Выбрать главу

Строй вражеских самолетов разомкнулся: часть из них пошла на батарею, остальные продолжали двигаться на город. Бобков занял место рядом с командиром батареи Мошенским. С командного поста были хорошо видны запрокинутые вверх стволы автоматов. К Бобкову подбежал помощник командира лейтенант Лопатко, что-то крикнул, показывая рукой вниз, на береговой КП, - там спокойней.

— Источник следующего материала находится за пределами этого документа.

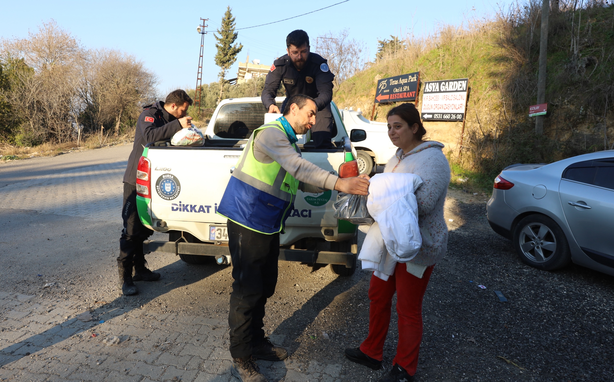 Deprem kabusunu günler sonra yeniden en ağır şekilde yaşayan Hatay’da yardımların dağıtım sorumluluğunu üstlenen Bursa Büyükşehir Belediyesi ekipleri, merkez Antakya ilçesi başta olmak üzere kentte ayak basmadık yer bırakmıyor. Hatay’ın Defne ilçesinde, ‘tesadüfen gördüğü’ Bursa Büyükşehir Belediyesi’nin araçlarının yanına gelip çaresizliğini anlatan 2 çocuk annesi Gönül Aşkar’ın ihtiyaçlarının karşılanması için de ekipler seferber oldu. Öncelikle ‘anne babasının yardımına yetişilmesini isteyen’ genç annenin talebi üzerine, Defne ilçesindeki Bostancık Mahallesi’nde çadırda kalan 73 yaşındaki babası İlmettin Kundakçı’ya ulaşıldı. Yakınlarıyla birlikte 3 aile olarak sokağa kurdukları çadırda kalan Kundakçı’ya gıda, kendisi ve torunları için giyecek, soba ve yakacak yardımı yapıldı.
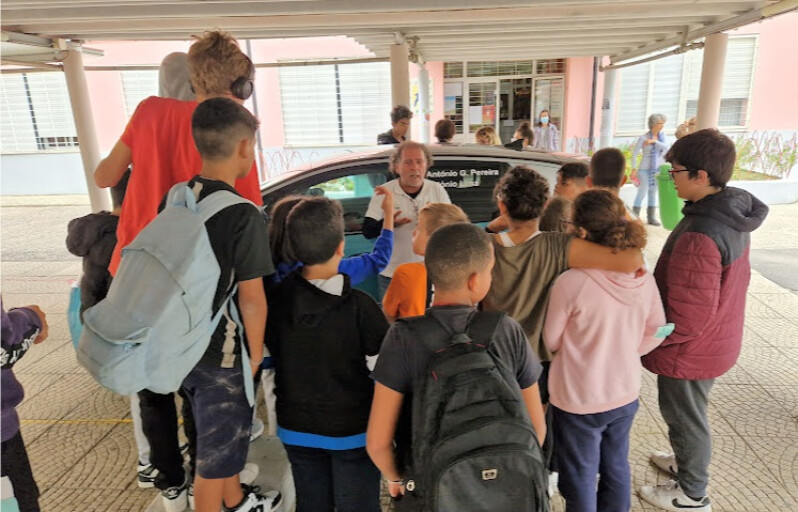 Os jovens do 1º grupo da escola de Santa Iria de Azóia, que depois serviram como 'co-monitores' quando a seguir se fez a ação para quase toda a escola, em pleno intervalo grande
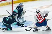 Milano (right) during a game against the Seattle Kraken in 2022.
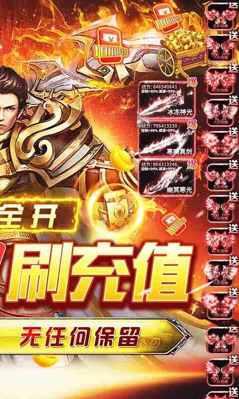 1、创角福利:上线送紫阳真气魂环、刀刀绿毒、元核星辰宝箱,开局即起飞! 2、充值比例1:10000,每笔尊享超高额外返利! 3、GM送亿万充值:每日击杀怪物8XX只,即可免费领取充值货币+海量元宝! 4、超多大陆:超多大陆,百种BOSS,千件装备,等您来战! 5、超低消费:游戏内无强制逼氪点,超低的消耗,每日白嫖一样能通关!
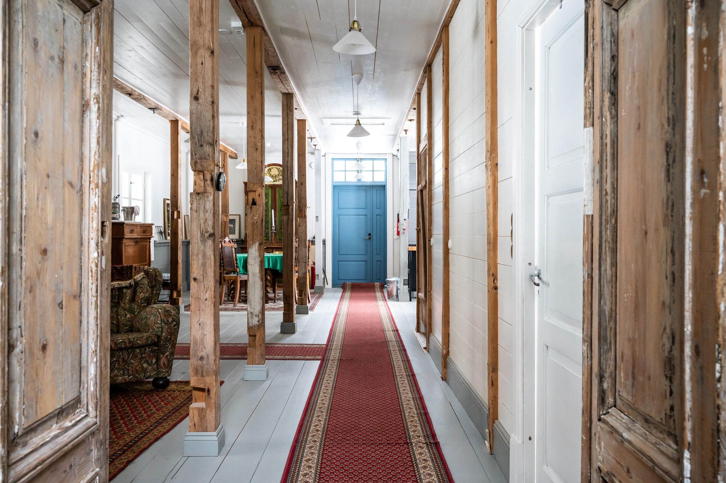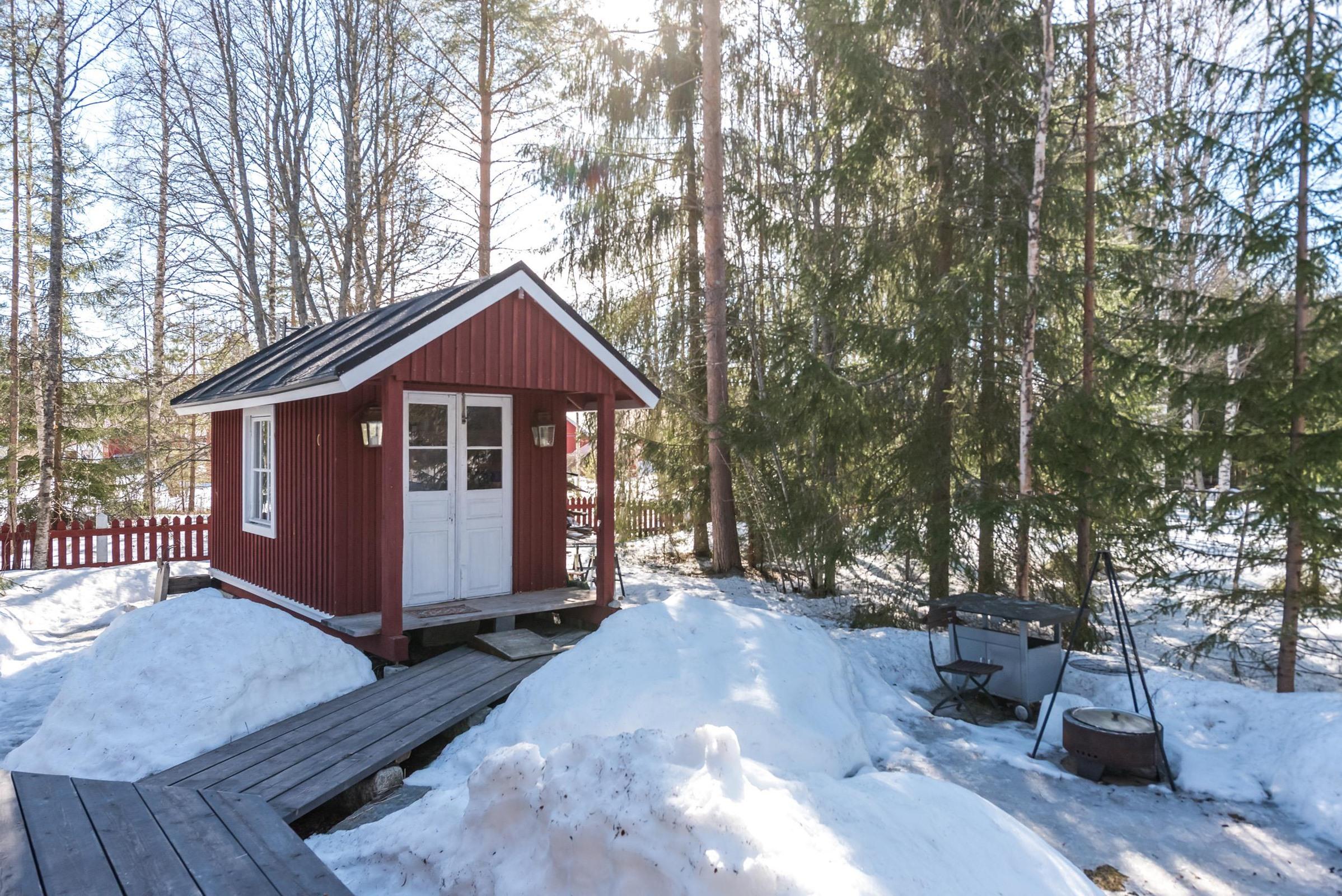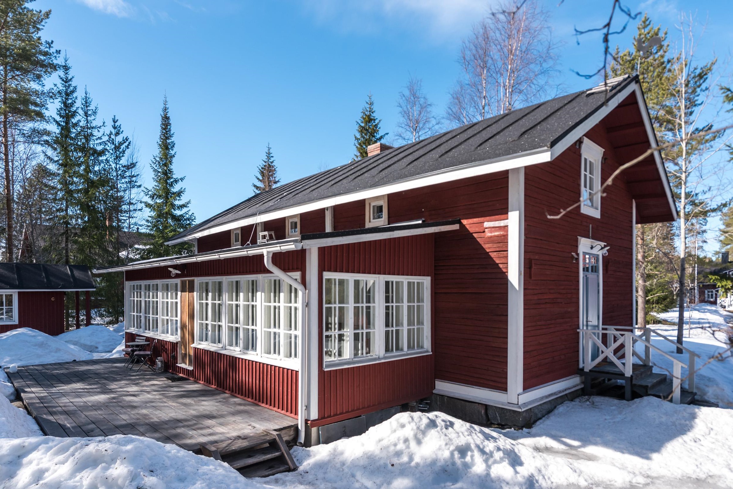 Upea punainen hirsitalo, jossa historia ja nykyaika kohtaavat.
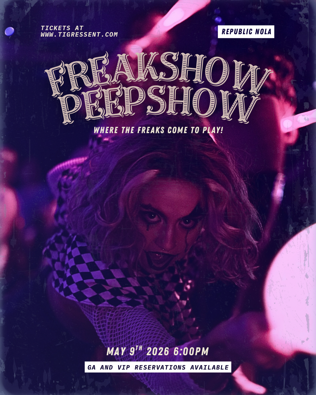 Produced by Tigress Entertainment, held at Republic Nola, prepare yourself to become hypnotized by an electrifying blend of burlesque, circus acts, fire, and dancing that will leave you feeling freaky all night long!
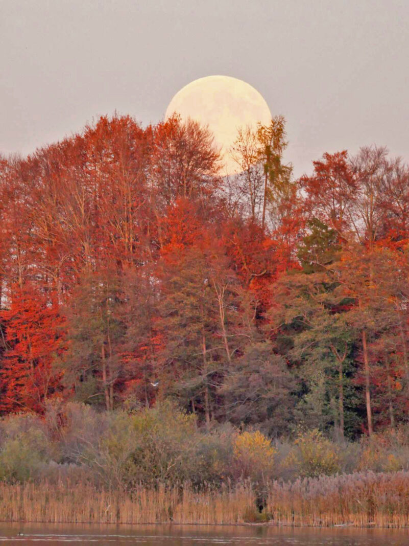 Zum Abschluss erhob sich der riesige Vollmond hinter der herbstlich glühenden Landschaft, während die Sonne unterging. Der Mond steht dieser Tage besonders nah an der Erde, und der kleine weiße Fleck daneben entpuppt sich als eine schöne Kornweihe. Damit sind bereits die ersten Überwinterer aus dem hohen Norden eingetroffen.
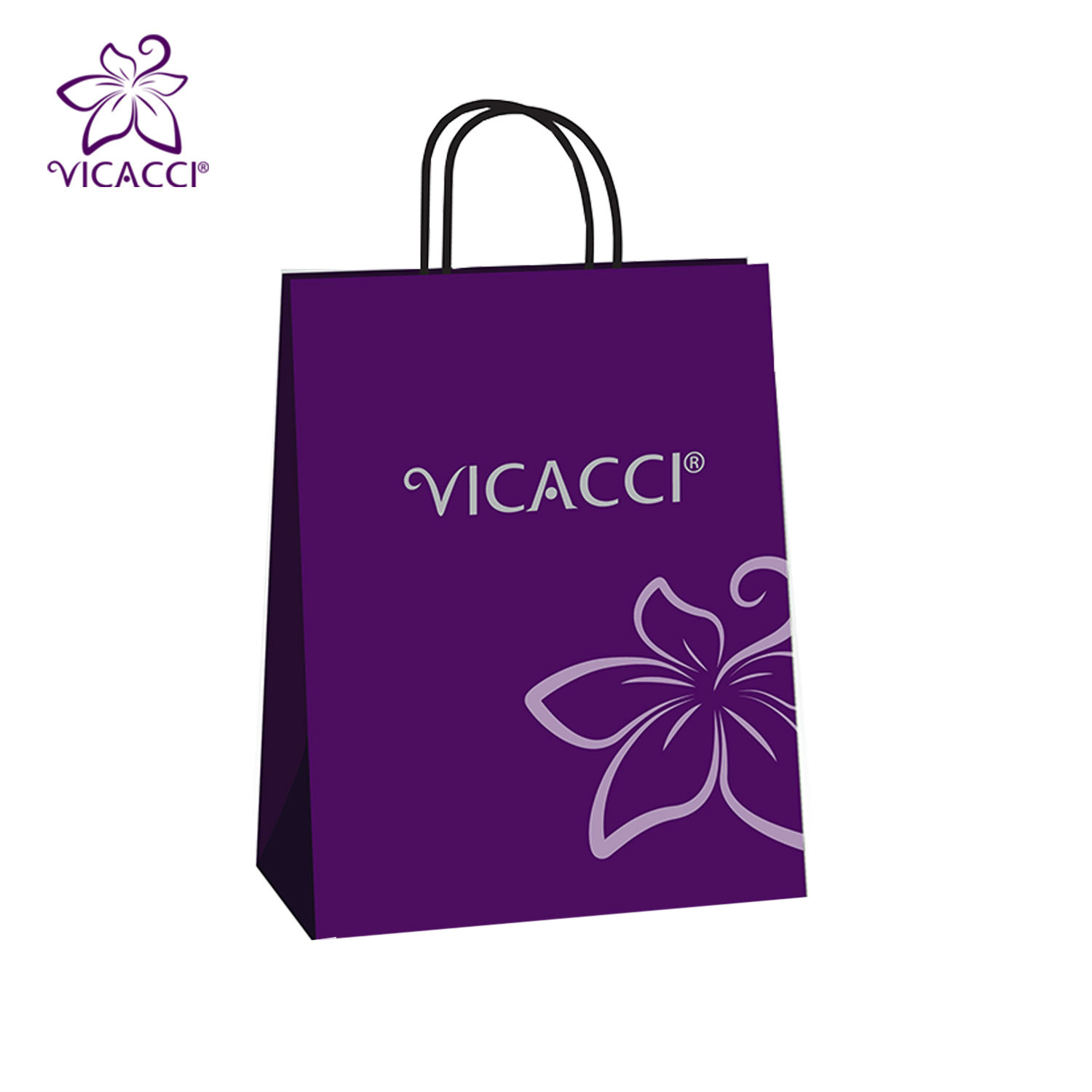 This shopping bag is made of paper and is printed with brand name and logo on the exterior. It has a rectangular compartment with side gusset structure for storage and has a pair of handles on top. The shopping bag is excellent for packaging use and adds a classy touch to the packaged products.
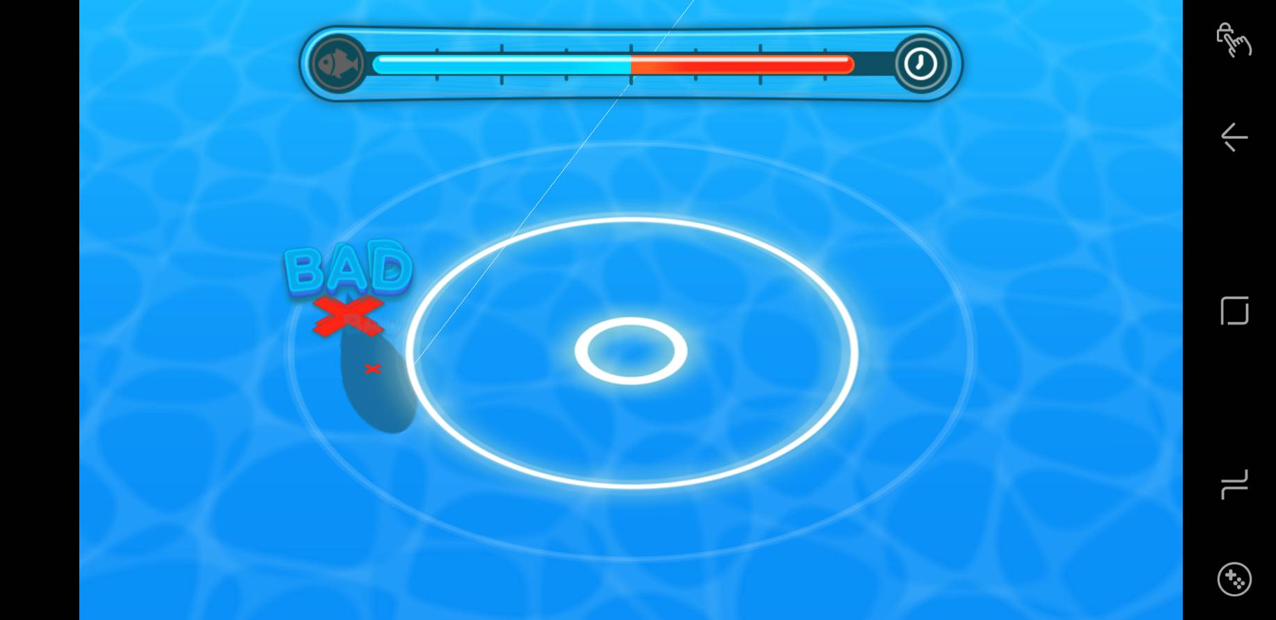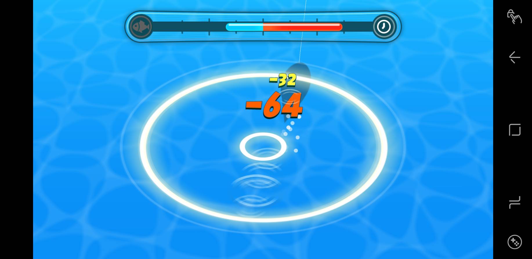 วิธีตกปลาก็คือ ให้แท็ปที่หน้าจอเวลาเห็นเงาของปลาว่ายเข้าไปในวงกลม แตะถี่ๆ ให้ติดลบสีเหลืองเยอะๆ โดยเฉพาะวงกลมตรงกลางจะติดลบสีแดงเป็นเท่าตัวของสีเหลือง เพื่อให้แถบค่าพลังสีฟ้าด้านบนลดลงจะได้จับได้เร็วๆ ยิ่งอัพเลเวลเบ็ดค่าพลังของเบ็ดก็จะเพิ่มขึ้น ทำให้จับได้ง่ายขึ้น จับให้ได้ก่อนแทบเวลาสีแดงด้านบนลด ไม่อย่างนั้นปลาจะหลุดและหนีไป

Но Бобков отрицательно покачал головой, делая знак лейтенанту, чтобы он занялся своим делом: уже пикировали самолеты, рвались бомбы, и осколки били по высоким бортам батареи.

- Огонь, огонь!

Накалялись стволы пушек, падали скошенные осколками раненые. Беспрерывно били автоматы. У зенитчиков затекли руки, пересохло в горле. Подносчики не успевали подавать снаряды. Весь личный состав, за исключением вахтенного радиста и дежурного по артиллерийскому посту, работал на верхней палубе. Кок Кийко, позабыв снять свой белый колпак, тащил снаряд к орудию, скользя по железной палубе и спотыкаясь о стреляные гильзы.

Командир автомата Косенко был ранен в голову и в ногу, кровь вместе с потом стекала по разгоряченному лицу, но он вел огонь до тех пор, пока не свалился без сил на палубу.

В это время осколком бомбы был убит вертикальный наводчик, и автомат перестал действовать. Косенко услышал, что автомат замолчал, с трудом открыл глаза и, собрав последние силы, занял место наводчика. Зенитный автомат снова бил по фашистским самолетам. «юнкерс», прорвавшийся к батарее, получил прямое попадание в плоскость. Он загорелся, попытался выровняться на курсе, но завалился на крыло и упал возле батареи в воду.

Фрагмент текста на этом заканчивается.